Si giunge al momento della proclamazione. Chi si sarà aggiudicato il sessantatreesimo premio Strega fra Antonio Scurati, autore de Il bambino che sognava la fine del mondo, e Tiziano Scarpa, autore di Stabat Mater? Visto che sono passati cinque giorni lo sapete tutti che ha vinto Tiziano Scarpa con 119 voti contro i 118 di Scurati. Un voto di differenza, non era mai successo. Giordano dà la lieta (per Scarpa) novella (a Scurati gli s’è oscurato il volto. Perdonatemi la battuta di bassa lega, ma sono giorni che la penso) e il presentatore piomba in uno stato di fibrillazione confusa ed eccitata che lo porta ad affilare versi e parole scollegati fra loro neanche il premio Strega l’avesse vinto lui. Parliamo del signor Franco Di Mare che dopo aver condotto per tre anni Uno Mattina estate e Uno Mattina week end è riuscito finalmente a farsi affidare la conduzione di Uno Mattina e basta. Ripercorriamo insieme la meravigliosa sequenza del marinaio Franco ripartendo dalla dizione perfetta di Giordano: “A distanza di un punto, il vincitore della sessantatreesima edizione del premio Strega è Tiziano Scarpa con Stabat Mater, 119 voti”. Ed ecco che Di Mare si scatena: “Un punto… un punto… un punto… è incredibile… incredibile! Beh, io vorrei… aspetta… in genere, in genere, si fa l’intervista, l’intervista, al vincitore, ma in realtà la dovete fare tutti e due perché siete entrambi vincitori, i vincitori di questo Strega. Un solo voto, un solo voto.

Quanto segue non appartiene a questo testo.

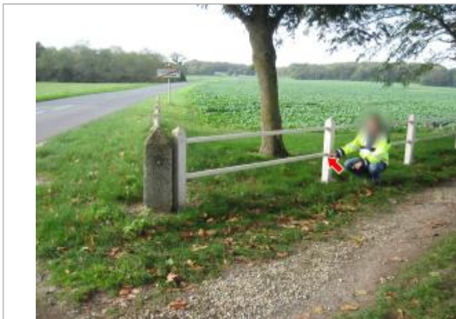
Photo du recensement d'origine (2014)

Prego (consegnano la bottiglia del liquore Strega al gaudente Tiziano Scarpa)! È una cosa che non credo si ricordi, non credo ci sia memoria. Un passo avanti prego per la foto opportunity (ma che sta dicendo?)… Tutti e due vi prego… io credo che non ci sia memoria…”.
A questo punto una voce fuori campo gli ricorda che Bevilacqua ha perso per due punti e che dice in giro che ancora se la ricorda quella sconfitta, ma Di Mare è troppo eccitato, sorride ai flash e non lo ferma più nessuno: “Ecco, ecco, ecco… siccome siamo in diretta ancora per qualche minuto vorrei… ecco, eeecco (ecco che?) eeeh… ve… sì… come no, sì. Il momento della… (bevuta?)” .
Torna la voce fuori campo che informa Franco Di Mare dell’arrivo di Gigi Marzullo e lui risponde: “Tanto i bambini a quest’ora sono a letto”. Ma povero Marzullo! Cos’è, un mostro? Il terrificante Babau che vive negli armadi e la notte esce a catturare i bambini? Marzullo annuncia la presenza di Tiziano Scarpa a Sottovoce dopo il TG1 (poteva invitare pure quello sfigato di Scurati, però) e viene subito liquidato da Franco Di Mare che, sentitosi improvvisamente defraudato della scena, cattura Scurati e lo costringe ad essere complice del suo delirio d’onnipotenza finale: “Io vorrei seguire… un solo voto… certo che è un po’ amara (sì, ma solo un po’ eh?!), un po’ amara come… immagine” e la telecamera inquadra Tiziano Scarpa che prima si bagna il collo con qualche goccia e poi prende a scolarsi la bottiglia del prestigioso liquore simbolo, senza ritegno. Aspettare di arrivare a casa era chiedere troppo? Gli alcolisti anonimi saranno felici di accogliere nella cerchia un nuovo non proprio anonimo iscritto. Torniamo a Di Mare: “Bevilacqua prima diceva: <<Ho perso per due voti e ancora me la ricordo>> (non era Bevilacqua prima, a meno che non si sia deciso a cambiare sesso evirandosi. Era una donna che riferiva di Bevilacqua) perdere per un voto è ancora peggio (no, guarda. È meglio)?” Che bella domanda! Scurati risponde: “Manuel Fangio (l’audio a questo punto non è chiarissimo, io l’ho ricondotto a lui che era un grande pilota e quindi potrebbe anche averla detta, ma magari si riferiva a un altro, poi glielo chiediamo) diceva <<El prim ciapa la copa e il secun non ciapa nien!>>”.
Ecco il video in cui potete verificare e seguire i dialoghi da me trascritti. Allora ditemi voi se Franco Di Mare non ha urgente bisogno di una potentissima pera di camomilla.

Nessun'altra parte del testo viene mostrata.